# Lucid Dreaming > Attaining Lucidity > Wake Initiated Lucid Dreams (WILD) >  >  I keep getting too excited to pass transition

## ibseth

Hi everyone,
I was just wondering if anyone knew how to solve this problem of mine... Every time I try to WILD, after a half hour or so I'll be incredibly relaxed, and will start to feel my body slipping away and vibrate, but then I snap out of it because I get too excited, I suppose. After an hour to an hour and half I give up and try to go back to sleep or I just get up because at that time it's 4-5:30 am. I've tried WILDing 3-4 times with no success; all of my 3 lucid dreams have been completely random events (I achieved them randomly) and weeks apart  :Bang head: . It's really frustrating. Should I give up on WILD and just cross my fingers every night for a lucid dream and work on things like my dream recall and consistent dream checks? 
Thanks! ::D:

----------


## VagalTone

Hopefully your excitement will subside, but this may take some time depending on the person. For instance, since i began last December many of my WILD attempts and DILDs end prematurely, although i recognize tangible improvement ( but i suppose i am an extreme example, so don´t worry much ).   

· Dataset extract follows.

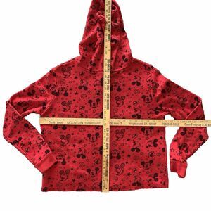 Show off your love for Disney and Mickey Mouse with this cozy red pull over hoodie. The all-over print features the iconic character and is made of a soft and comfortable rayon and polyester blend fabric. The long sleeves and hood make it perfect for colder seasons and it's great for activities like walking or driving. The hooded, full zip design and pullover closure add a touch of convenience and style. This hoodie is a must-have for any Disney fan and is available in a size small.

3-4 WILD attempts is NOT a great deal  :smiley:  and the only way to improve is to keep practicing, right ? 

You can also start focusing more on DILD techniques and return to WILD later, but i think  WILD and DILD are not mutually exclusive techniques  and can even work together. From my own experience, DILDs are much more common after failed WILD attempts if you can return to sleep, and this can be especially true if you WILD with a mantra.
The reverse also holds true: you can be performing MILD in the middle of the night and find yourself WILDing instead.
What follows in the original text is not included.